Chrissy Likes the Dolphins
Greg Gerke

She kept it hidden for a while and then sprang it on a night we started to have sex but didn't finish. She pushed my thigh off her thigh, cleared her throat and said, "Ted, I want you to know, I like the dolphins."
I nodded and went to the bathroom. I knew she wasn't talking about dolphins in general and she'd never mentioned football as an interest, but we'd only been together for a year -- people forget things.
The next morning I found a Miami Dolphins pennant on the refrigerator and at night Chrissy came to bed in a Dolphins jersey stretching well past her ass.
I sat in the dark for a long time. "Are the Dolphins going to be good for us?" I asked.
In the next week I awoke three times to her watching games from the 1984 AFC Championship season. Her hair in pigtails, her pom-poms orange and blue. "Jesus Christ," I shrieked, "We have to go to work in two hours."
She twisted a pom-pom in my face. "You are fair weather, so so so so fair weather."
At work I staggered around the office, staring at other, normal-seeming women. I spoke to Leslie about good dentists in the area. I joked with Madeline about file folders. "Problems on the home front Ted?" my supervisor said.
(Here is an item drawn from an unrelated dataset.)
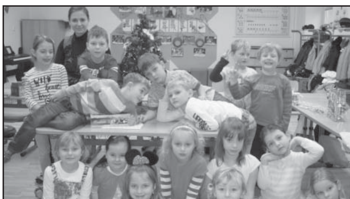
Třídní vánoční besídka v 1. třídě

"Chrissy really likes the Dolphins."
At home I was made to be a dummy that Chrissy would practice clipping penalties on. Salivating, she said, "It hardly gets called, but when it does, it's totally amazing." She now went to her reception job in full regalia, missing only the shoulder pads. In a few days she was fired and immediately urged a move to Miami. I snapped my fingers in front of her nose. "I like Cleveland and you told me you liked it too."
I told friends, I told family. I told our neighbors, I told everybody. They would not reply. It was like I hadn't spoken. I went to the police and they laughed. The Dolphins weren't even in the same division as the Browns, what the fuck did they care.
I looked around the city I lived in, wondering about the world and specifically my sexual needs. We hadn't done it since 'the night of the Dolphins,' as I now referred to it.
On a Sunday when Chrissy had the four big Dolphin fans in the Cleveland area over to watch the game, I went to a bar with no TV's, a red interior and a reputation for bringing people together. I found a woman who wrote werewolf novels. She'd lived in Scotland and had straight black hair, three inch fingernails. She knew I was married, she knew my kind of problems. I went after her hands but that must have been rude because she swatted at me with her new werewolf manuscript. "I don't think this is going to work," she said.
"But you know me," I cried. "You know the issues. The person that becomes another creature. You write about it all the time."
"I write from the viewpoint of the werewolf," and she wiggled out of the booth and stood up. She was six-foot-seven. I could understand her now -- a really tall woman wants a really tall man, that which I was never. I twirled my thumbs and moaned and she smashed my face. "And don't tell a woman that she knows you." Then she whacked me again, "And that's for all the werewolves."